The Beauty of Small Meetings

Good day, team.

This week’s challenge comes from an interview I read in The New York Times business section with Paul English, the co-founder and chief technology officer at Kayak. Conducted by Adam Bryant, the interview, titled “Ten People in a Meeting Is About Seven Too Many,” reveals why English believes that any more than three people in a meeting actually stifles creativity rather than enhances it.

Here are a couple excerpts from the interview that stood out to me:

“[At Kayak,] we’re known for having very small meetings, usually three people. There’s a little clicker for counting people that hangs on the main conference room door. The reason it’s there is to send a message to people that I care about this issue. If there’s a bunch of people in the room, I’ll stick my head in and say, “It takes 10 of you to decide this? There aren’t three of you smart enough to do this?

“I just hate design by consensus. No innovation happens with 10 people in a room. It’s very easy to be a critic and say why something won’t work. I don’t want that because new ideas are like these little precious things that can die very easily. Two or three people will nurture them and make them stronger, give them a chance to see life.”

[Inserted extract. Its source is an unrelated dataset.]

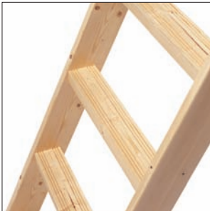
Safe Treads: Deep grooved treads assure a sure footing on every step.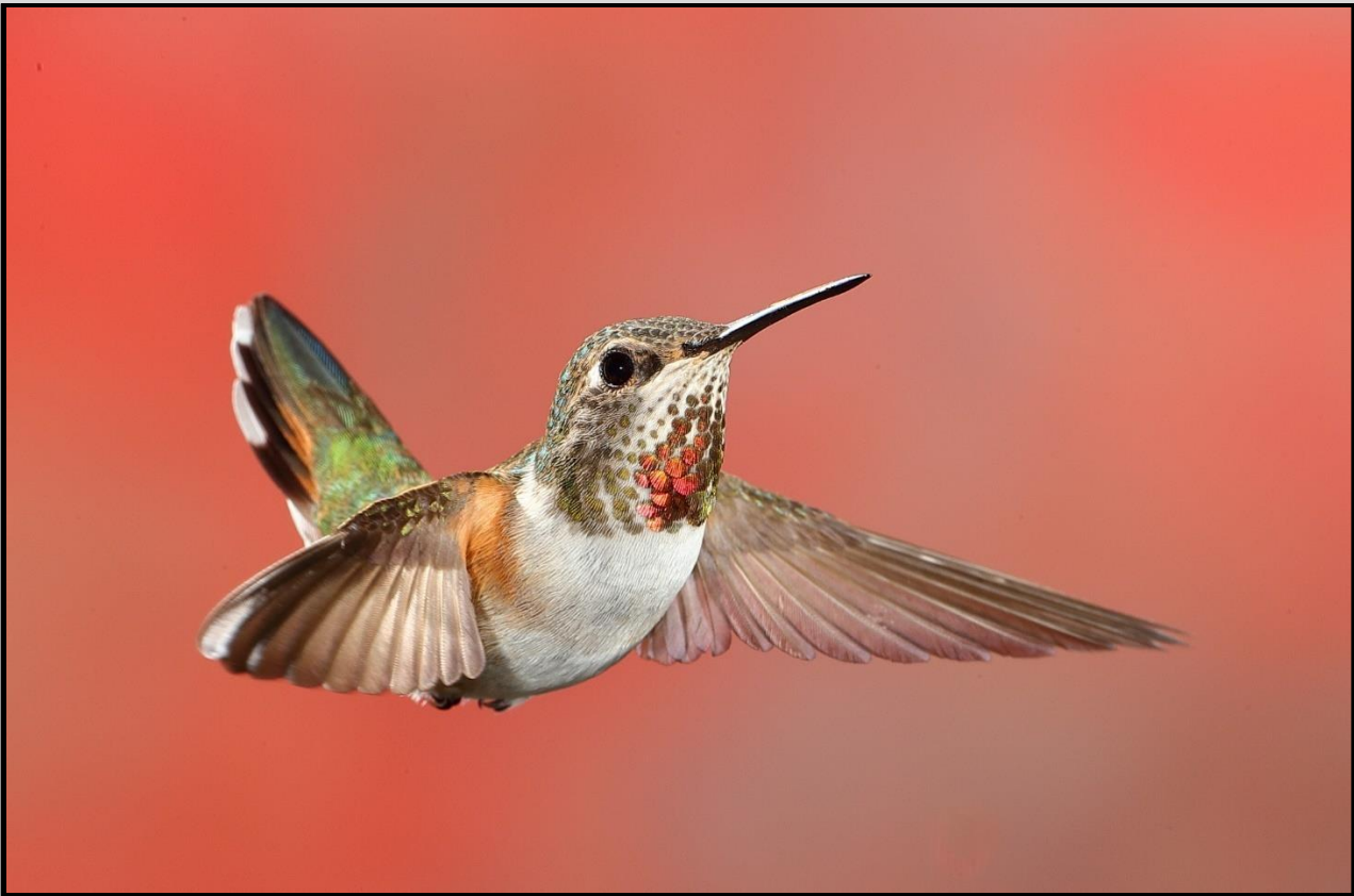
Figure 10 Editing thousands of images takes time. John teaches how he sorts through several hundred images per hour to find the best! The wings and body position make this a pleasing pose of a female rufous hummingbird.

Reading the interview made me think of the times I’ve worked on teams that came up with great ideas which eventually turned into a product or innovation. I can count on one hand the number of times this happened, and when it did, it was always a small team of people. We often felt like we had to keep our little project a secret — we referred to it as “skunk works” because we knew if too many people found out about it, they would tell us to stop working on it and do our regular jobs. I recall working for a high-tech startup that had grown from 12 people to 1,200 in four years. Once it got to more than 50 people, suddenly meetings became laborious. It took much longer to hear everyone’s opinions on projects, and a lot of the discussions didn’t lead to any result. It seemed to me that people went from being creative and focused to argumentative and confused. Everyone talked about the need for people to be more cooperative, but the more people who were added, the less cooperation occurred.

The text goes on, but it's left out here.